Sulla portata di questo vuoto la posizione di Balthasar è radicale: «In un mondo senza bellezza […], in un mondo che non ne è forse privo, ma che non è più in grado di vederla, di fare i conti con essa, anche il bene ha perso la sua forza di attrazione […]» (2). Si può condividere o meno una simile affermazione, ma difficilmente si può contestare il fatto che molti nel mondo attuale, la bellezza, non sono «in grado di vederla» e, ancor meno, di praticarla come modo «di intendersi».
Balthasar, lo si è visto, mette in relazione la caduta della bellezza con l’affermarsi del «moderno mondo degli interessi». In questa convinzione, e in generale nell’ampio scavo sul tema della bellezza del teologo svizzero, non si può non cogliere un’eco delle tesi che Fëdor Dostoevskij già novant’anni prima, nel 1871-72, aveva avanzato ne I demoni. Lo scrittore russo lo aveva fatto a modo suo: mettendole in bocca a Stepàn Trofímovič Verchovenskij, una figura di intellettuale della vecchia generazione amante dell’Occidente, tanto campato in aria quanto privo di credito. Come non bastasse, nel romanzo le parole pronunciate da Verchovenskij in una conferenza suscitano una vivace reazione di dissenso nell’uditorio: un artificio antiretorico scelto da Dostoevskij per lasciare al lettore piena libertà di giudizio. Ecco le tesi: «È accaduto soltanto una cosa: uno spostamento di scopi, la sostituzione di una bellezza con un’altra! Tutto il malinteso non è che nel dubbio se sia più bello Shakespeare o un paio di stivali, Raffaello o il petrolio. […] Ma sapete, sapete voi che senza l’inglese l’umanità può ancora vivere, può vivere senza la Germania, può vivere anche troppo facilmente senza i russi, può vivere senza la scienza, può vivere senza pane, ma soltanto senza la bellezza non potrebbe vivere, perché non ci sarebbe nulla da fare al mondo? Tutto il segreto è qui, tutta la storia è qui! La scienza stessa non sussisterebbe un momento senza la bellezza, – lo sapete, voi che ridete? – diventerebbe una volgarità e non inventereste più un chiodo!» (3).

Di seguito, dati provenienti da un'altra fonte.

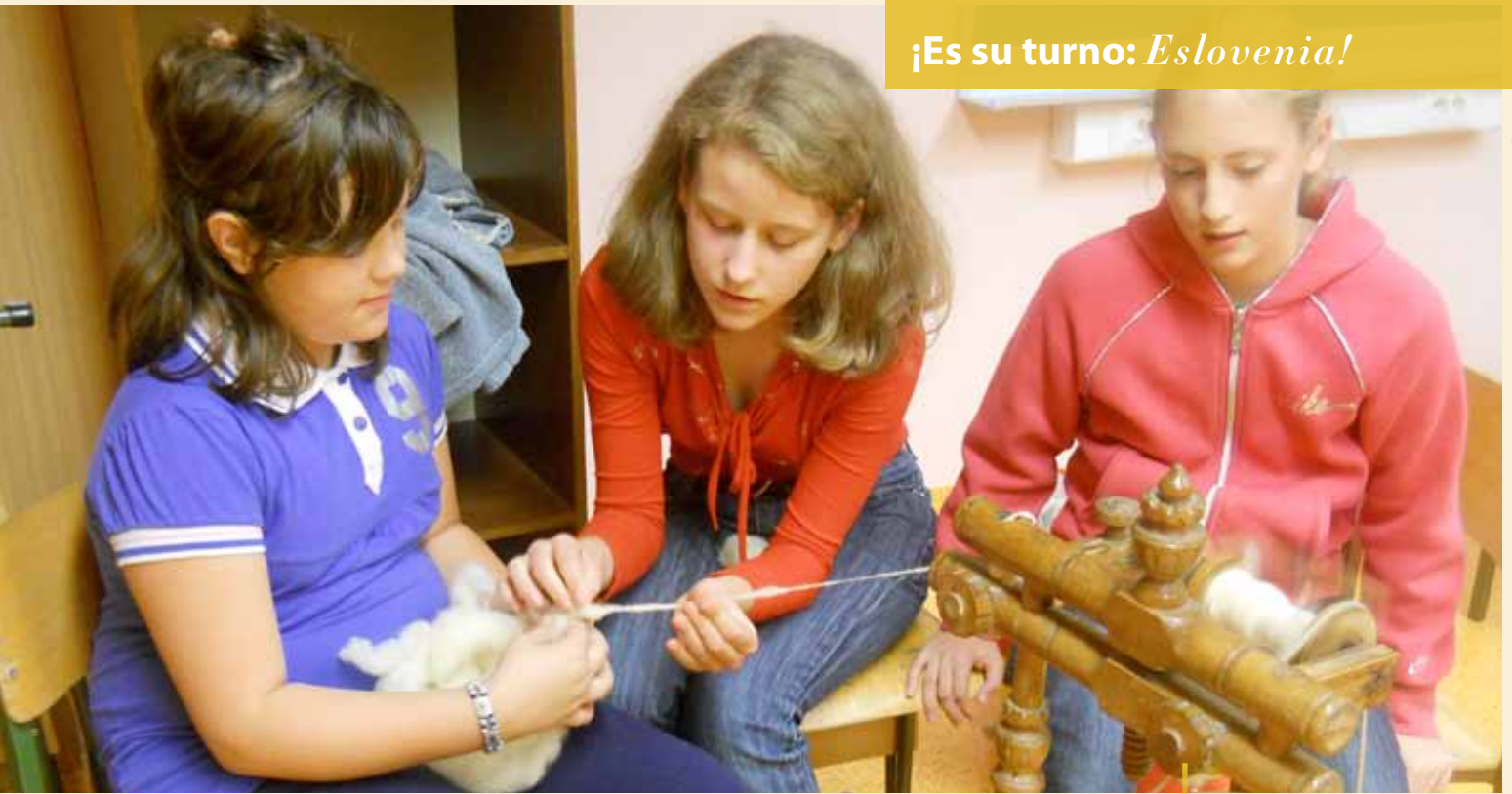
Unas niñas aprenden a trabajar con la rueca.

In tutta evidenza, Balthasar condivide queste affermazioni. Non solo: egli è anche pienamente convinto che «il mondo sarà salvato dalla bellezza» (4) (enunciazione avanzata da Dostoevskij ne L’idiota, anche in questo caso con un accorgimento antiretorico: è l’ateo Ippolít a riferire di averla sentita proferire dal principe Myskin, protagonista del romanzo, figura di grande bontà e di elevato spessore spirituale quanto priva di senso pratico). Non può d’altro canto essere trascurato che a fare da ponte fra Dostoevskij e Balthasar è la profonda convinzione di entrambi che la via della bellezza sia la strada per avvicinare il Divino, con la figura di Cristo vista come l’incarnazione stessa della Bellezza suprema e come guida.

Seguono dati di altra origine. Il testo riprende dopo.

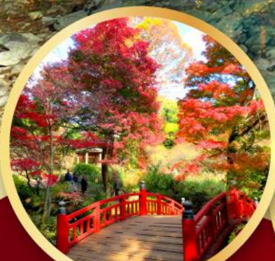
สวนดอกบ๊วยอาคาบิ

Anche limitandoci, sulla scorta di Giambattista Vico, alla «bellezza civile» (5) – una bellezza in cui rifulgono le virtù individuali e quelle legate alla convivenza – le questioni poste da Dostoevskij e da Balthasar mantengono tutta la loro urgenza. Osservate dal punto di vista della bellezza, le trasformazioni dell’ambiente fisico prodotte dall’azione antropica negli ultimi due secoli, a saperle interpretare, dicono molto delle acquisizioni e delle perdite su tre fronti: 1) gli equilibri e le bellezze naturali; 2) la qualità civile delle relazioni; 3) l’idea di umano.
Certo: permangono, e si sono anzi accresciute, le difficoltà di pervenire a valutazioni condivise. In tema di bellezza, col procedere dell’età contemporanea, la Babele delle interpretazioni si è infatti moltiplicata in modo esponenziale. Questo, però, non può costituire motivo per arrendersi al disorientamento e al senso di impotenza che dilagano. Né può farci disarmare di fronte al degrado del gusto, tutt’uno con il regredire concomitante della capacità di discernere e dell’abitudine ad argomentare e a dialogare; una regressione ora favorita dai social, dove il proliferare di prese di posizione improntate a onnipotenza, tanto apodittiche quanto sterili, allontana ancor più la prospettiva di un’intesa, la quale può venire solo da un senso della misura e da una condivisa disponibilità al dialogo.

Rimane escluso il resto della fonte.